This week’s discussion is around a study of the information gathering techniques of a group of emergency medicine students. Using a mobile gaze-tracking device, the researchers reported on how the visual fixation patterns of the residents correlated to their objective performance. Listen to the hosts discussing the article here.
KeyLIME Session 216:
Listen to the podcast.
Szulewski A A new way to look at simulation-based assessment: the relationship between gaze-tracking and exam performance CJEM. 2019 Jan;21(1):129-137. Epub 2018 Jun 21.
Jonathan Sherbino (@sherbino)
As physicians our clinical world is complex. Think back to your first day in the OR, in the clinic, on rounds. I was in simple brain stem survival mode. My cognitive task load was overwhelmed with extraneous load. I couldn’t process key information from a blood gas because of all the alarms, and noise, and distracting movements of other healthcare professionals entering and existing clinical areas. I tried to determine if this data was important, but the extraneous load was so overwhelming that I had no bandwidth for instrinsic load (to actually solve the avid/base problem) let alone monitor my learning and other actions (i.e. germane load). I hope I’m an expert.. although many of my patients and colleagues may disagree with his statement. Now, as I walk into an emergency department the cries of an agitated and delirious patient, the sounding alarms, the near constant interruptions to respond to interpret an ECG or provide an order for patient care, don’t overwhelm my cognitive load. I have learned micro automations to preserve my bandwidth and focus in on patterns that seem abnormal. Does this resonate with you?
How do we get from novice to expert? And how do we diagnose the expert? Is there an assessment hack that can help us trend performance? This study may be a solution.
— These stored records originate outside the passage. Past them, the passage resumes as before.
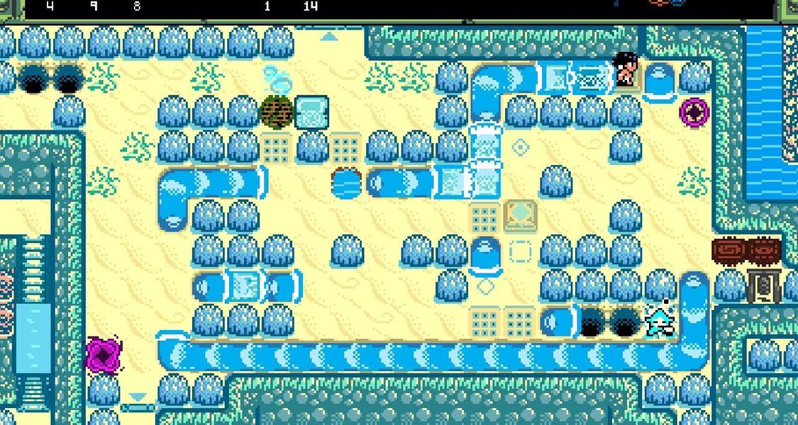 虽然在游戏的页面上介绍他是一款“类银河恶魔城/塞尔达传说游戏。”但是在我全收集通关后,我更愿意将他称为主体是类银河战士的游戏。他并没有传统意义上的数值成长,更多是通过徽章系统来提升自己的能力。其本身的地图设计也更偏自由,可以选择探索的区域非常多,也存在一定的破序设计,不过聊胜于无。他介绍中说的“类塞尔达传说”我想应该是指他游戏内有一定的解密要素,不过并没有传统俯视角2D塞的地牢迷宫。
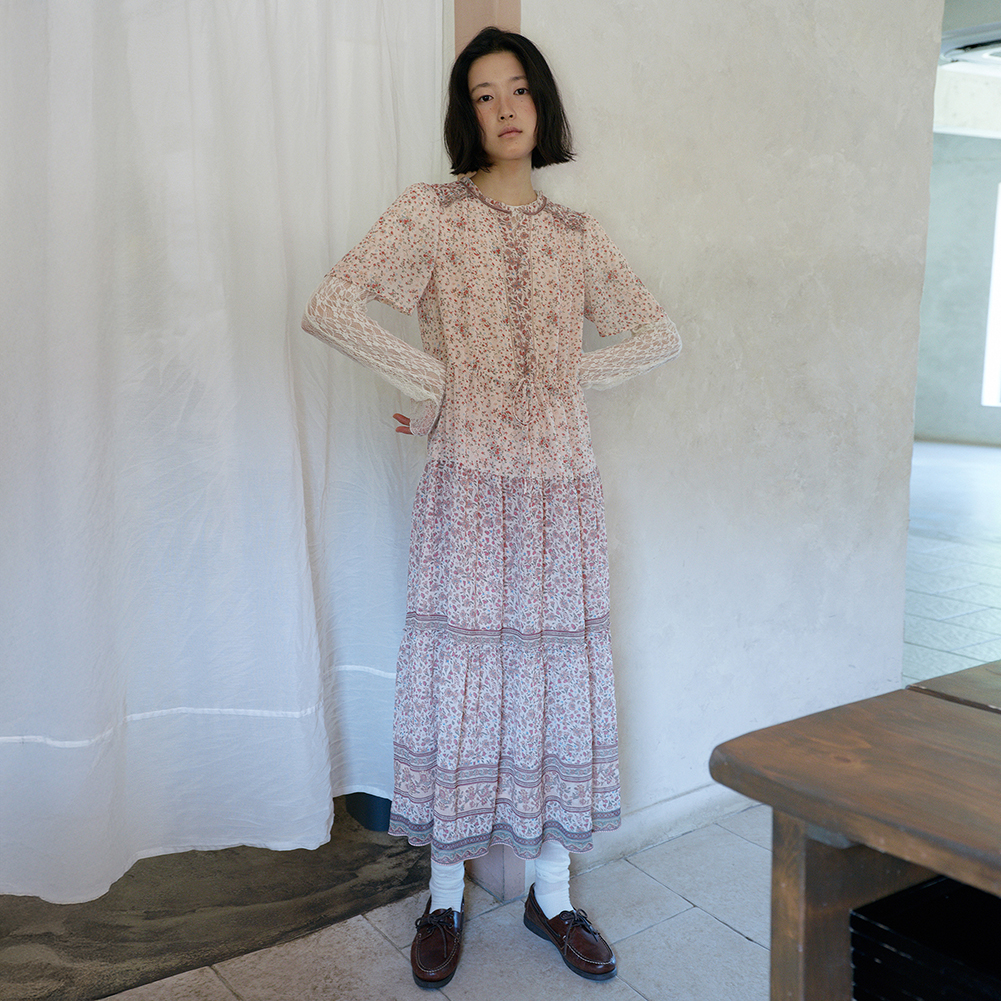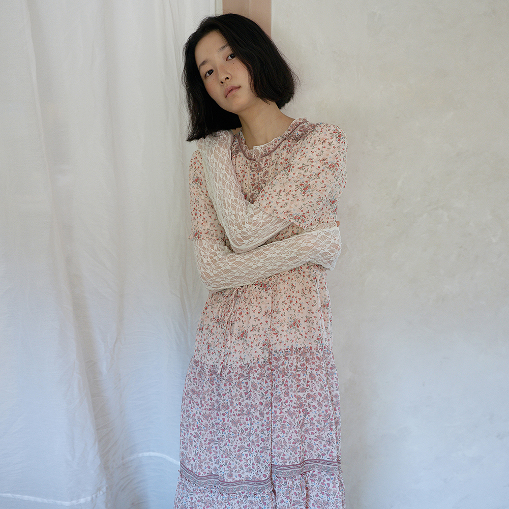 절개와 프릴 디테일을 사용해 여성스러운 무드를 주는 스타일.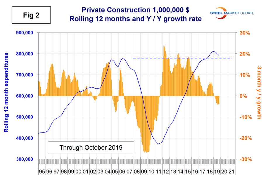 Figure 1 shows total construction expenditures on a rolling 12-month basis as the blue line and the rolling three-month year-over-year growth rate as the brown bars. Total construction on a rolling 12-months basis through April was at an all-time high, but declined each month through October. The brown bars show growth on a 3MMA basis year over year and became negative in June through October for the first time since November 2011.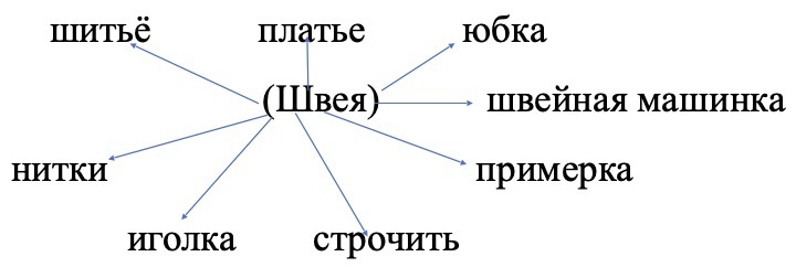 Специфично – профессиональную группу слов можно раскрыть с помощью ассоциаций, которые вызывают у первоклассника определённые слова:
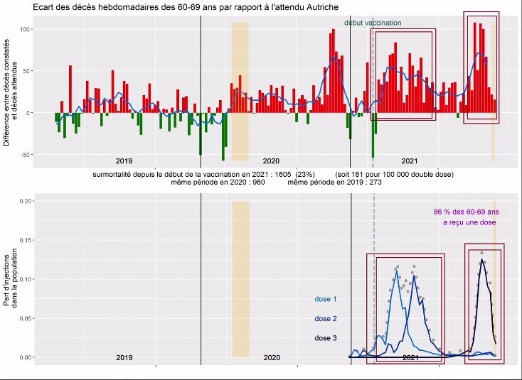 Самые наглядные данные в Австрии, но уже в возрастной группе 60-69 лет. За 2020 год, умерло 960 человек, а за 2021 год 1605 человек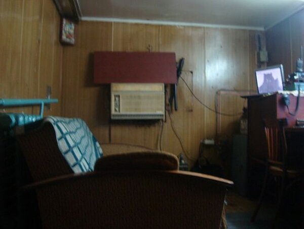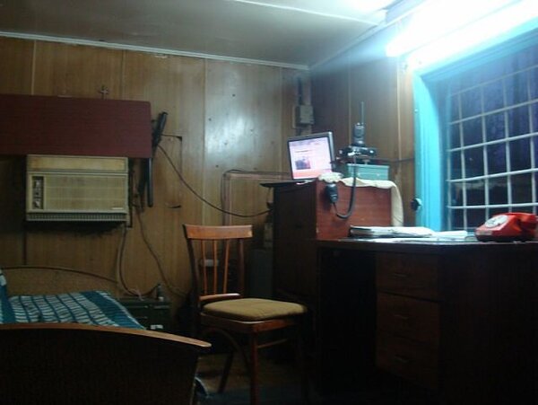 А вот так выглядит изнутри вагончик, где несут службу охранники на КПП «Припять». Обстановка простая, но всё необходимое есть: диван для отдыха, стол, стул, ноутбук и, конечно, рация для связи. Со светом и теплом проблем нет. Иногда, чтобы скоротать время, дежурные даже запускают на ноутбуке игру «S.T.A.L.K.E.R.» — получается очень атмосферно.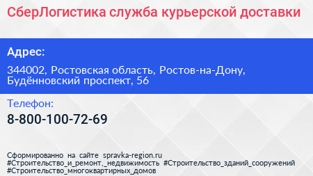СберЛогистика, служба курьерской доставки по адресу 344002, Ростовская область, Ростов-на-Дону, Будённовский проспект, 56 в дальнейшем Организация, размещена в следующих категориях: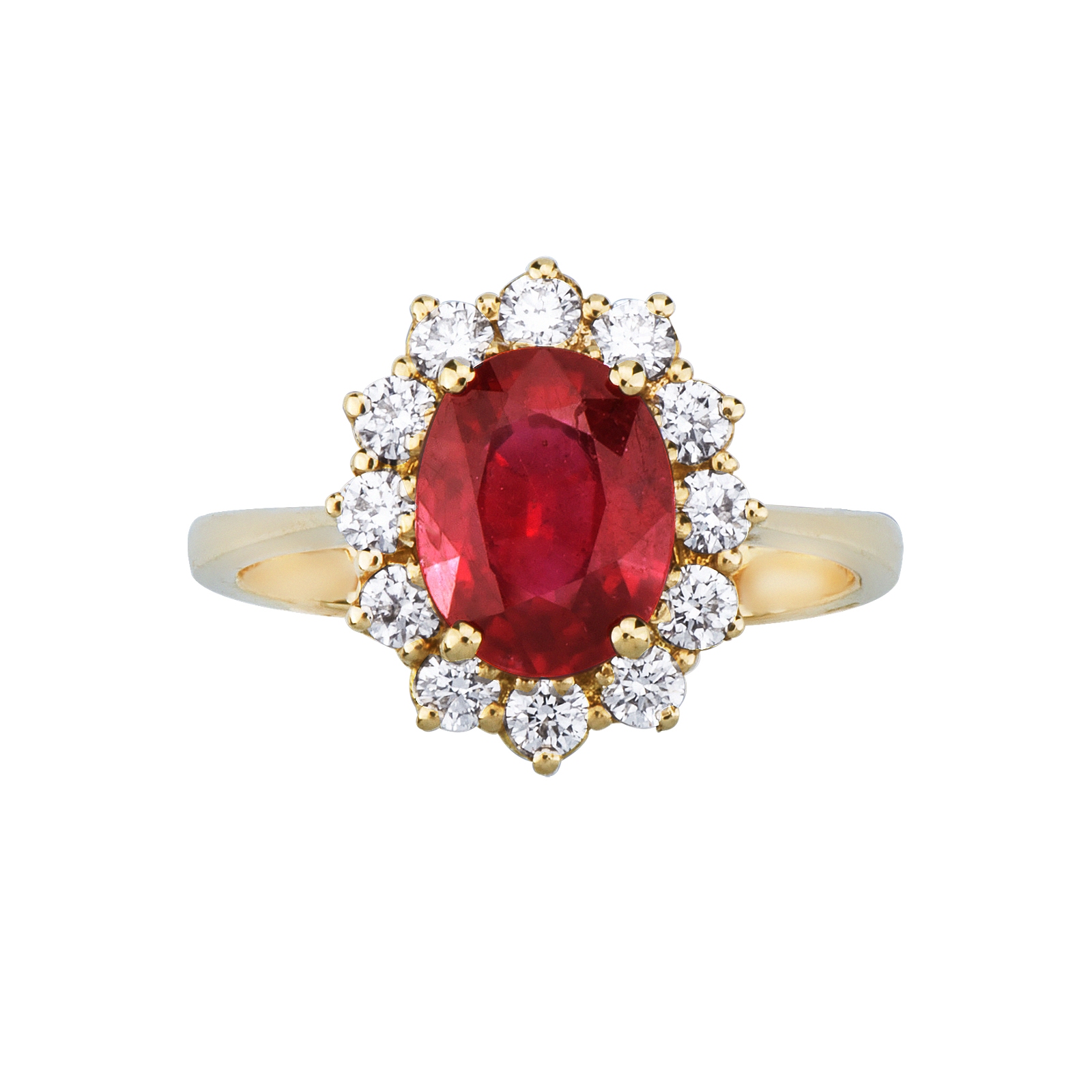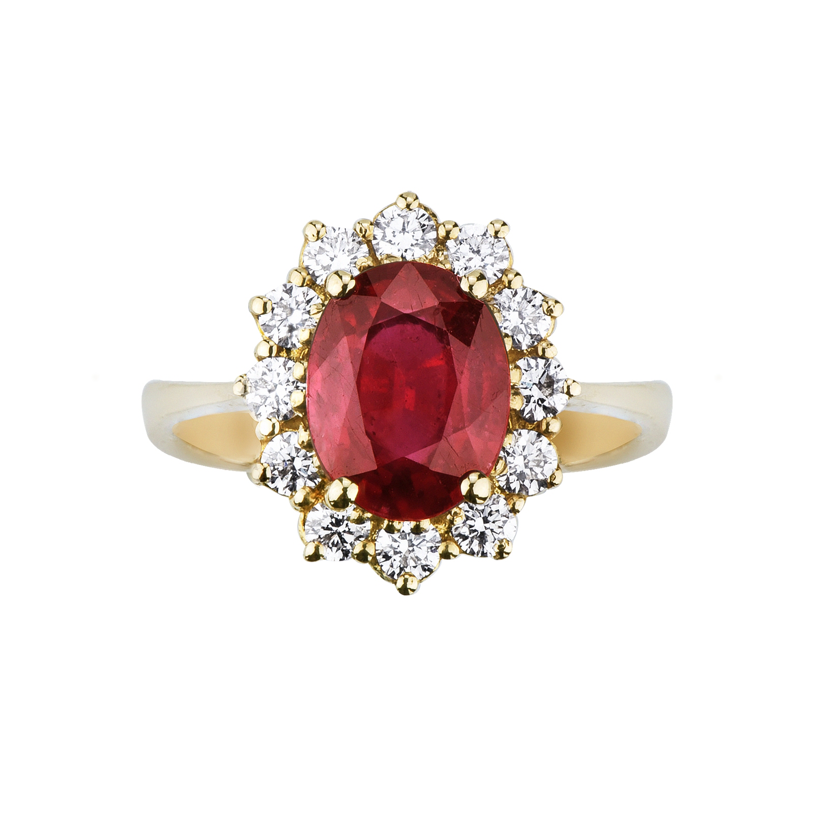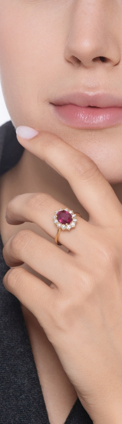 Bague halo femme en or jaune 18 carats avec rubis ovale et diamants

“This study explored the information-gathering techniques of residents by analyzing their initial visual fixation patterns in a simulated resuscitation environment.”
Key Points on the Methods
A convenience sample of emergency medicine residents from one residency training program were recruited during two separate sessions. Each session was comprised of two 10 minute simulated scenarios in a “high-fidelity simulation lab that included robotic mannequins and confederates (e.g. nurse and respiratory therapist).”
- Symptomatic Bblocker overdose
- Rupture AAA
- Toxic alcohol ingestion
The scenarios were previously demonstrated to be highly reliable.
The residents were fitted and calibrated with a mobile gaze tracking device that records and superimposes the participants first-person POV and participants gaze indicator (e.g. a final video that shows what is in front of the participant and where they are looking).
Using software and two human raters, gaze-tracking variables were measured (e.g. areas in the environment where scanning stopped and dilation occurs, time to fixation, frequency of fixation etc.) during the first 60 seconds of each scenario. A Pearson correlation coefficient was calculated with a prior detmeried areas of interest, determined by subject matter experts. Intra-class correlation coefficients were calculated to determine inter-rater reliability.
Blinded experts assessed participant performance in managing the scenario using a previously validated direct observation instrument.
Analysis of variance was performed to determine discrimination of gaze-tracking data for quality of performance as different from function of postgraduate year of training (e.g. surrogate of experience).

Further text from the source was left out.